Adams discussed the challenge of having a different schedule in college than his girlfriend.
“Lily is a person who likes to have a schedule like 3 months beforehand and I’m a person that’s like ‘alright what are we doing,’” Adams said. “So scheduling and fitting whatever hours of work and school we have to do together, that’ll be difficult to figure out at first, but once we get into a rhythm like we have here in high school, I think it’ll be fine.”
Lawrence High social worker Carissa Welsh discussed her advice for students in these situations.
“I’m always going to tell people, don’t follow somebody to college, don’t follow somebody and not live out your own dreams,” Welsh said.
Welsh noted the importance of prioritizing oneself before others when making important decisions.
“You do have to take care of yourself before other people,” Welsh said, “and then in those moments, when you do that, sometimes doors can open professionally and personally to things you wouldn’t have even imagined.”
Some couples, like seniors Paige Unekis and David Bell, are planning to break up before heading their separate ways to college.
“We started dating with the intention of, we will break up over the summer,” Unekis said. “If there is a chance where we don’t want to break up, we will do long distance because he is planning on going to KU and that is my last option.”
Unlike Bell, Unekis plans to attend a liberal arts college on the East Coast, and said she didn’t factor her relationship with Bell into her decisions of where to apply. Unekis discussed her feelings surrounding their planned breakup.
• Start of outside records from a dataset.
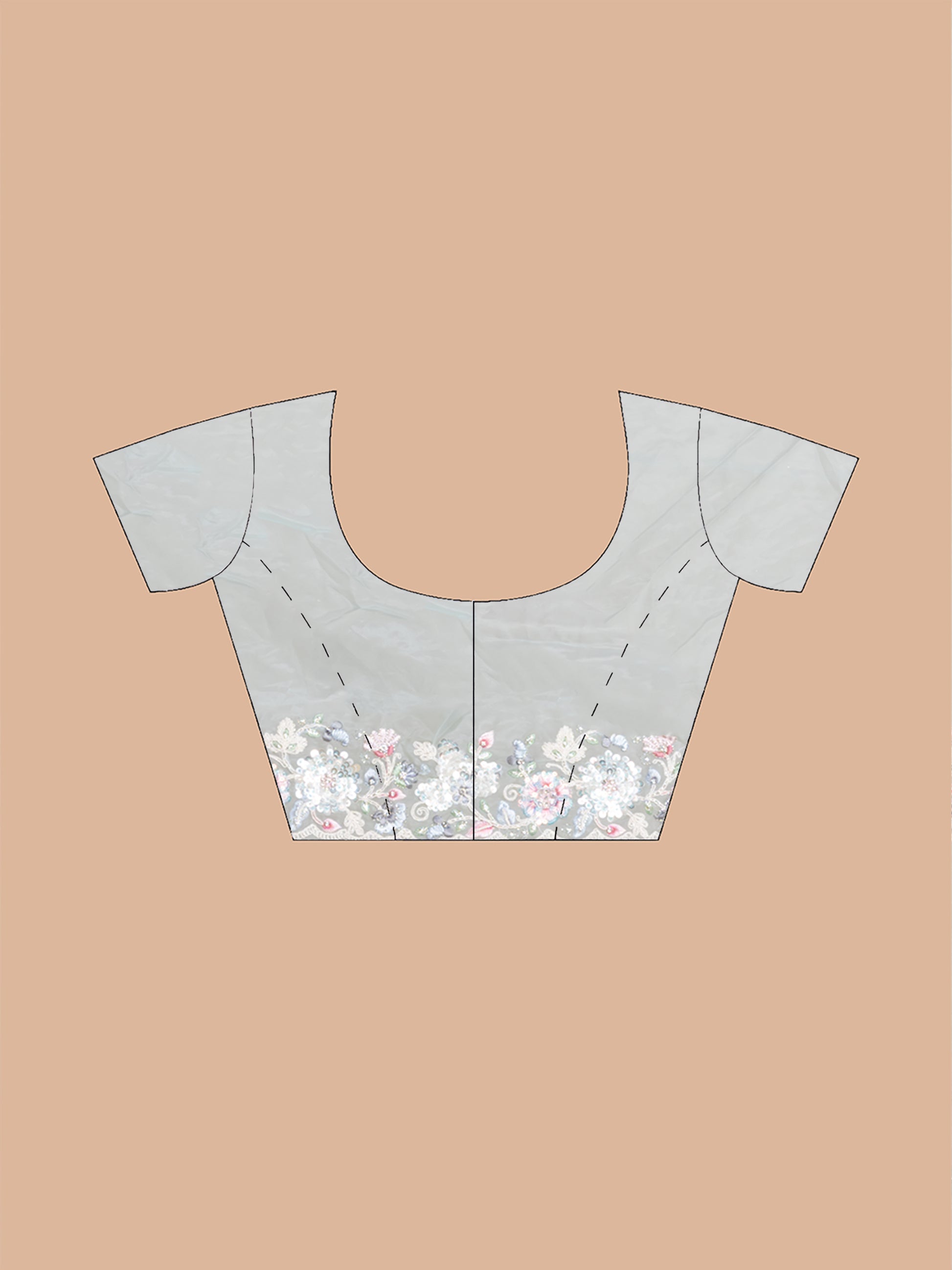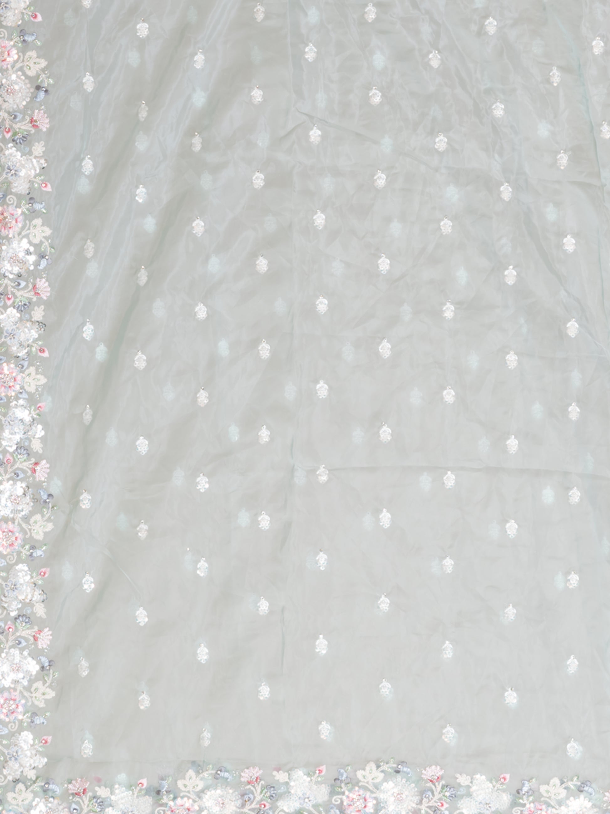 Step into ethereal beauty with this exquisite Mint Green Organza Tissue Saree, a perfect blend of tradition and modern elegance. Crafted from luxurious organza tissue fabric, this saree offers a lightweight, sheer texture with a subtle sheen, draping gracefully for a dreamy silhouette. The saree is adorned with delicate floral embroidery in soft pastel shades, scattered across the body, while the border features intricate floral patterns with shimmering sequins, adding a touch of glamour. Paired with a matching blouse, this saree is ideal for weddings, festive occasions, or any event where you want to exude timeless charm.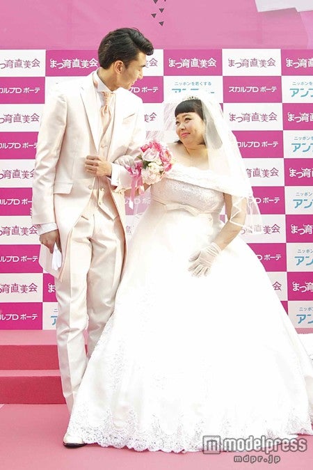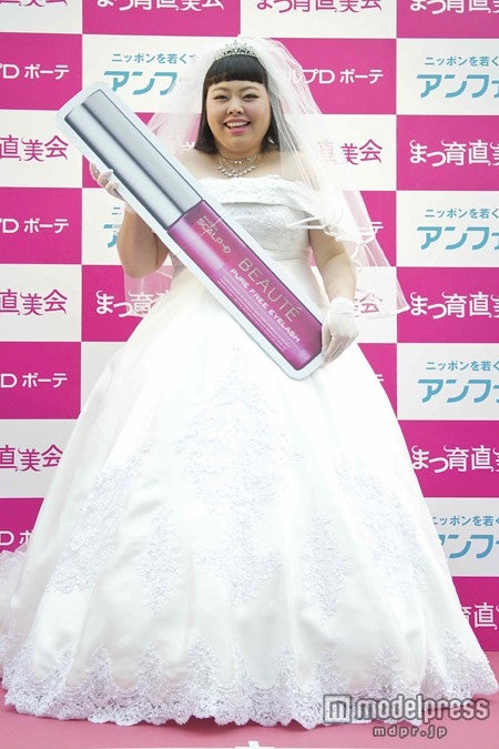 お笑いタレントの渡辺直美が、純白のウエディングドレス姿を披露した。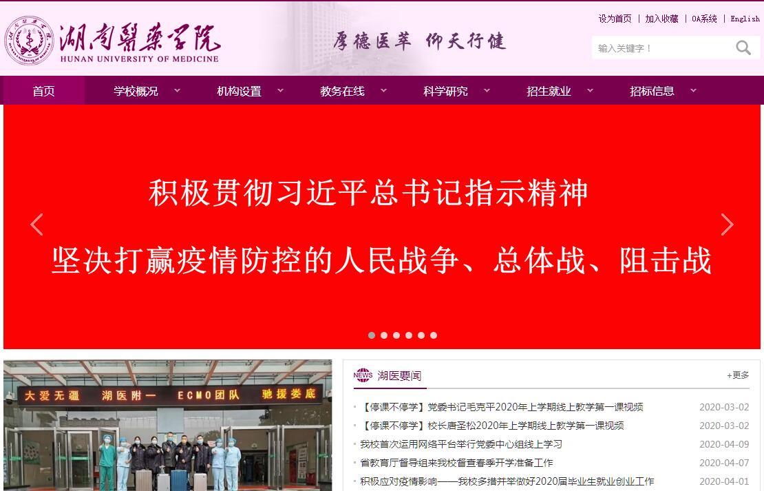 湖南醫(yī)藥學(xué)院是一所國家公辦的全日制普通醫(yī)學(xué)本科院校。學(xué)校肇始于1912年,前身為留美歸國華僑、著名醫(yī)學(xué)教育家顏福慶先生創(chuàng)立的長沙紅十字會(huì)看護(hù)訓(xùn)練所,1924年正式建立長沙仁術(shù)護(hù)病學(xué)校。1961年從長沙遷到安江建立黔陽地區(qū)衛(wèi)生學(xué)校,1984年搬遷至懷化并更名為懷化地區(qū)衛(wèi)生學(xué)校。2000年3月,升格為懷化醫(yī)學(xué)高等??茖W(xué)校。2014年5月,經(jīng)教育部批準(zhǔn)升格并更名為湖南醫(yī)藥學(xué)院。學(xué)校占地面積1418畝,校舍建筑面積26.8萬平方米,在校全日制大學(xué)生8995人,其中本科生4381人,面向全國26個(gè)?。ㄊ?、自治區(qū))招生。現(xiàn)有教學(xué)科研儀器設(shè)備總值6453.0萬元,圖書館館藏紙質(zhì)圖書72.5萬冊,中外文紙質(zhì)期刊708種,電子期刊70萬冊。學(xué)校設(shè)有醫(yī)學(xué)院、口腔醫(yī)學(xué)院、護(hù)理學(xué)院、藥學(xué)院、檢驗(yàn)醫(yī)學(xué)院、康復(fù)醫(yī)學(xué)與保健學(xué)院、馬克思主義學(xué)院(人文社科與管理學(xué)院)、繼續(xù)教育學(xué)院、第一臨床學(xué)院和公共課部等二級(jí)教育教學(xué)機(jī)構(gòu)10個(gè),有臨床技能實(shí)訓(xùn)中心、藥學(xué)實(shí)驗(yàn)中心、醫(yī)學(xué)檢驗(yàn)實(shí)驗(yàn)中心、口腔實(shí)訓(xùn)中心、影像實(shí)訓(xùn)中心、針灸推拿康復(fù)實(shí)訓(xùn)中心、美容實(shí)訓(xùn)中心、人體機(jī)能實(shí)驗(yàn)室、醫(yī)學(xué)形態(tài)實(shí)驗(yàn)室、理化實(shí)驗(yàn)中心、計(jì)算機(jī)實(shí)驗(yàn)中心等實(shí)驗(yàn)實(shí)訓(xùn)平臺(tái)11個(gè)。學(xué)校是國家執(zhí)業(yè)醫(yī)師臨床類別實(shí)踐技能考試基地,有國家三級(jí)甲等綜合性直屬型附屬醫(yī)院(臨床學(xué)院)1所、非直屬附屬醫(yī)院(臨床學(xué)院)7所、實(shí)習(xí)基地96個(gè)。直屬型附屬醫(yī)院占地面積17.9萬平方米,編制病床1200張,有心血管內(nèi)科、呼吸內(nèi)科、護(hù)理學(xué)等三個(gè)省級(jí)臨床重建設(shè)點(diǎn)??疲菄宜幬锱R床試驗(yàn)基地和湖南省慢阻肺同質(zhì)化培訓(xùn)基地。非直屬附屬醫(yī)院包括國家三級(jí)甲等綜合醫(yī)院5所、國家三級(jí)甲等中醫(yī)醫(yī)院1所和國家三級(jí)??漆t(yī)院1所,編制床位10400張。學(xué)校有湖南省重點(diǎn)實(shí)驗(yàn)室(侗醫(yī)藥研究)1個(gè),懷化市重點(diǎn)實(shí)驗(yàn)室5個(gè)(呼吸疾病研究、中醫(yī)康復(fù)技術(shù)研究、武陵山道地藥材前藥篩選與應(yīng)用、腦與神經(jīng)內(nèi)分泌和侗醫(yī)藥研究),有校級(jí)科研機(jī)構(gòu)和平臺(tái)5個(gè)(生物醫(yī)學(xué)研究中心、民族醫(yī)藥研究中心、骨科研究所、呼吸與危重癥研究所和微創(chuàng)外科中心)。學(xué)?,F(xiàn)有教師603人,其中專任教師553人。有教授等正高職稱教師70人,有副教授等副高級(jí)職稱教師173人,具有博士、碩士學(xué)位教師295人,其中博士30人;享受政府特殊津貼專家2人,博士生導(dǎo)師1人、碩士生導(dǎo)師5人,省級(jí)教學(xué)團(tuán)隊(duì)1個(gè)、省級(jí)學(xué)科帶頭人1人、省級(jí)教學(xué)名師1人、省級(jí)青年骨干教師17人,省級(jí)教學(xué)奉獻(xiàn)獎(jiǎng)獲得者1人、省級(jí)優(yōu)秀教師1人。學(xué)?,F(xiàn)有醫(yī)學(xué)、管理學(xué)2個(gè)學(xué)科門類,開設(shè)臨床醫(yī)學(xué)、護(hù)理學(xué)、藥學(xué)、醫(yī)學(xué)檢驗(yàn)技術(shù)、醫(yī)學(xué)影像技術(shù)、針灸推拿學(xué)等12個(gè)本科專業(yè)。有省級(jí)重點(diǎn)專業(yè)1個(gè),省級(jí)特色專業(yè)2個(gè),省級(jí)專業(yè)綜合改革試點(diǎn)專業(yè)2個(gè),國家資源共享(精品)課程1門,省級(jí)精品課程5門。辦學(xué)94年來,學(xué)校為懷化周邊及武陵山片區(qū)縣鄉(xiāng)基層醫(yī)療機(jī)構(gòu)培養(yǎng)了近4萬名下得去、留得住、用得好的應(yīng)用型高素質(zhì)醫(yī)衛(wèi)人才。近年來,學(xué)校先后獲得“全國衛(wèi)生系統(tǒng)先進(jìn)單位”“全國學(xué)籍管理先進(jìn)單位”“全國五四紅旗團(tuán)委”“湖南省文明標(biāo)兵單位”“湖南省就業(yè)創(chuàng)業(yè)示范?!薄昂鲜?shí)踐教學(xué)管理先進(jìn)單位”等榮譽(yù)。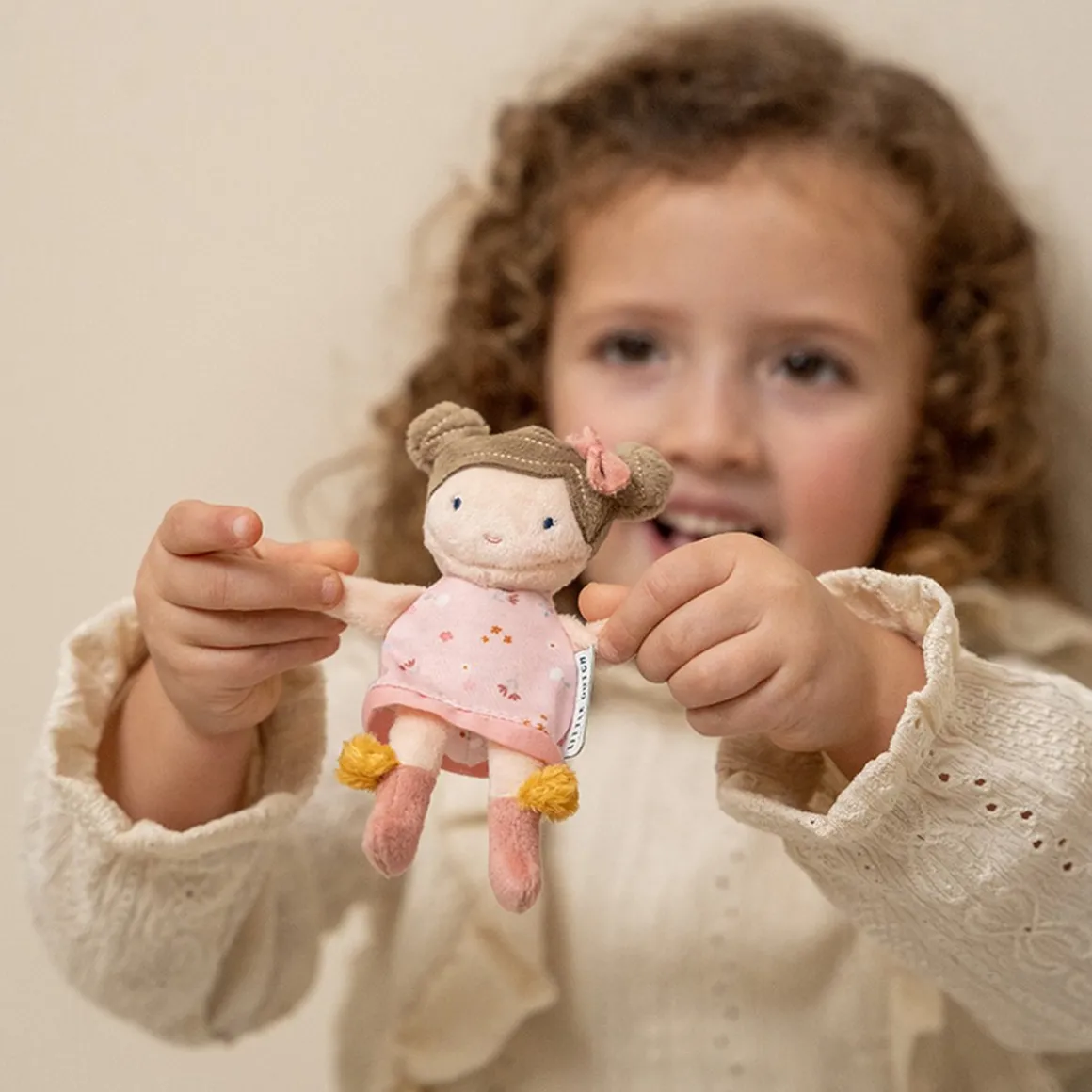 Rosa mag dan wel slechts 10 cm groot zijn, maar haar liefde is groots. Deze kleine knuffelpop is ideaal voor de allerkleinsten om vast te houden, te knuffelen en overal mee naartoe te nemen. Ze is het perfecte formaat voor kleine handjes en biedt troost en gezelligheid waar je ook bent.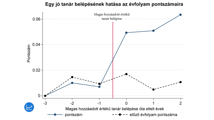 Az első ábra bemutatja, hogy a mutató tényleg megméri a tanárok hatását a tesztpontszámokra. A kék, összefüggő vonal olyan osztályok átlagos pontszámát mutatja, amelyek egy időpontban új tanárt kapnak (minden osztálynál ez a „nulladik év”), és ez a tanár a mutató alapján a felső öt százalékba tartozik. Látható, hogy a tanárváltás után az átlagos pontszám rögtön és tartósan megugrik. A fekete szaggatott vonal pedig egy korábbi évfolyam átlagos pontszámait mutatja, ahol nem jött új tanár. A szaggatott vonal nem változik, megerősítve, hogy a megugrás valóban a tanár hatása, és nem véletlen ingadozásnak vagy az iskolában történt egyéb tényezőknek köszönhető.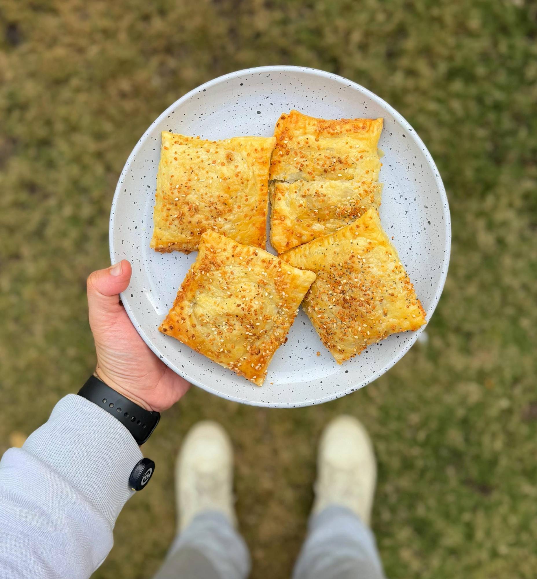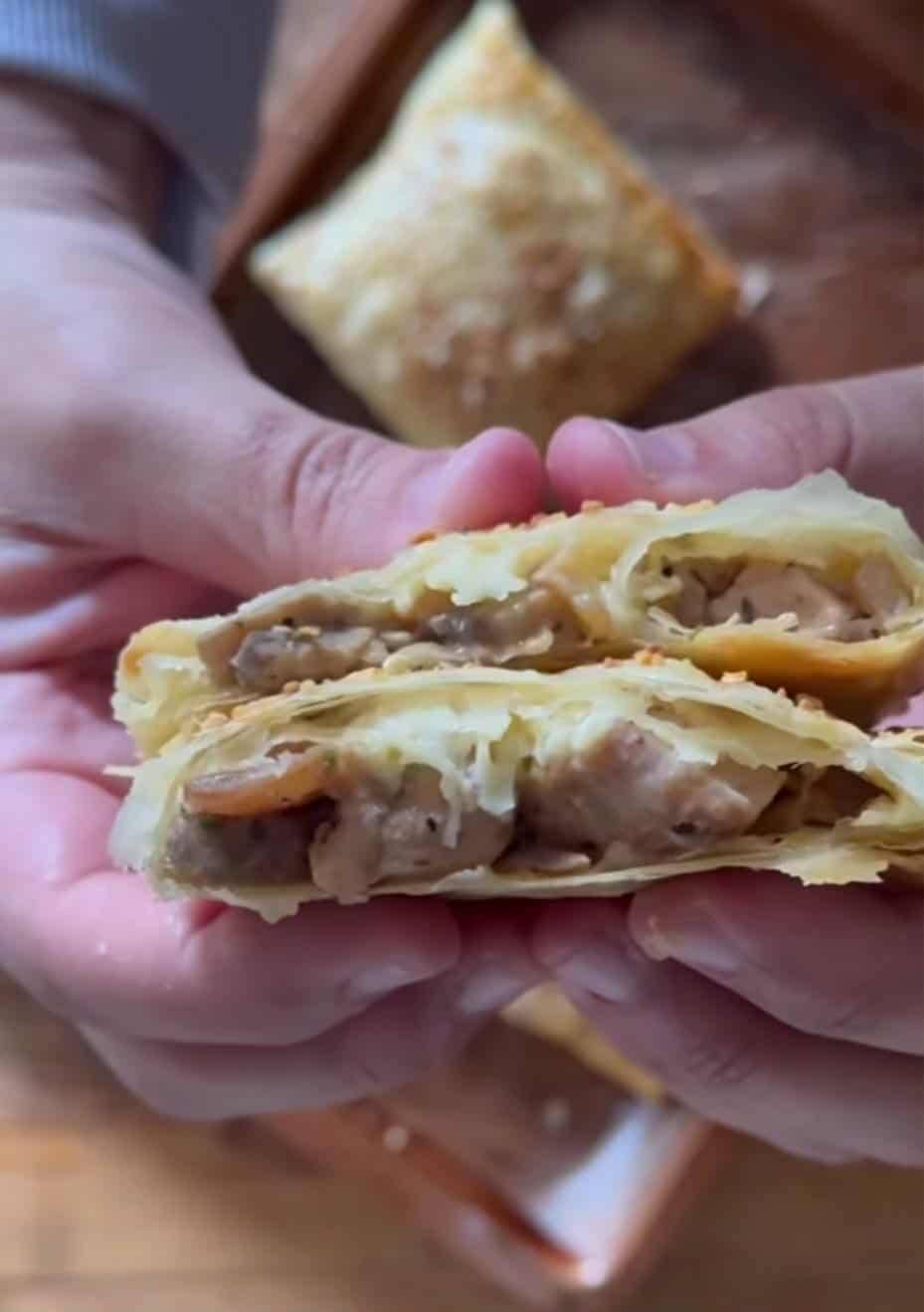 بعدها تُستخدم شرائح من عجينة الفطير، وتُفرد على سطح مرشوش بالدقيق، ويوضع الحشو في المنتصف بعيداً عن الأطراف، وتُضاف جبنة البارميزان ورشَّة ماء وزبدة، ثم تُغلق الفطيرة من الجوانب بشوكة، وتُرَش بالسمسم أو حبة البركة، وتُخبز في فرن بدرجة 200 مئوية حتى تصبح مقرمشة.

“It’s not something we like talking about,” Unekis said. “We are dating for fun and we know that it’s nothing serious, and I mean, I am nervous for when we do have to break up and that final goodbye. It’s gonna be sad, but it’s not something I really occupy my mind with.”
Senior Cecelia Jakubauskas is planning to stay with her boyfriend of almost 2 years, Simon Mason, as they enter college. Jakubauskas and Mason both plan to attend the University of Kansas next year.
Like other students, Jakubauskas said she took her boyfriend’s college decision into account when picking a school, but didn’t base this decision solely around Mason’s.
“I definitely don’t think I’d just choose KU as the school that I go to because he’s going [there],” Jakubauskas said. “I do like it, it’s one of my top options.”
Jakubauskas discussed her feelings surrounding Mason’s college decision impacting her own.
“I know I shouldn’t be tied down to someone I probably won’t be with for a long time, but it makes me happy to do what I feel in my heart is right,” Jakubauskas said. “So it’s both happiness and guilt for doing that.”
Despite having complicated feelings, Jakubauskas is looking forward to beginning a new part of her life with Mason.
“I’m excited,” Jakubauskas said. “We’ve kind of been together for all of high school and I feel like I’ve really grown as a person and he’s grown as a person…I feel like switching into that phase in my life is just going to be exciting and it’ll bring a lot to the relationship.”
Seniors Abe Roman and Peyton Fowler are unsure of where they will be attending college next year but plan to stay together. The couple has been together for 7 months.
“We kind of just decided we’re just going to see what happens,” Fowler said. “We’re not gonna break up just because we’re going to college. Let life take its course.”
Roman is planning to attend either the University of Kansas or Kansas City Kansas Community College and Fowler is unsure of where she will attend but plans to stay in the area. Fowler said she took Roman’s college decision into account as well as proximity to family when choosing where to apply.
“I just don’t want to be super far away from home,” Fowler said. “I also kind of put into consideration that Abe does plan to stay in Kansas. And so since my family is here also, it just makes sense to stay close by.”
Although both have uncertainties in their futures, Fowler is comforted by the constant Roman will provide.
“Personally, I kind of see it as, I have absolutely no idea what I’m doing next year, but I know that he’s still gonna be there,” Fowler said. “It’s kind of that foundation, like it’ll be okay.”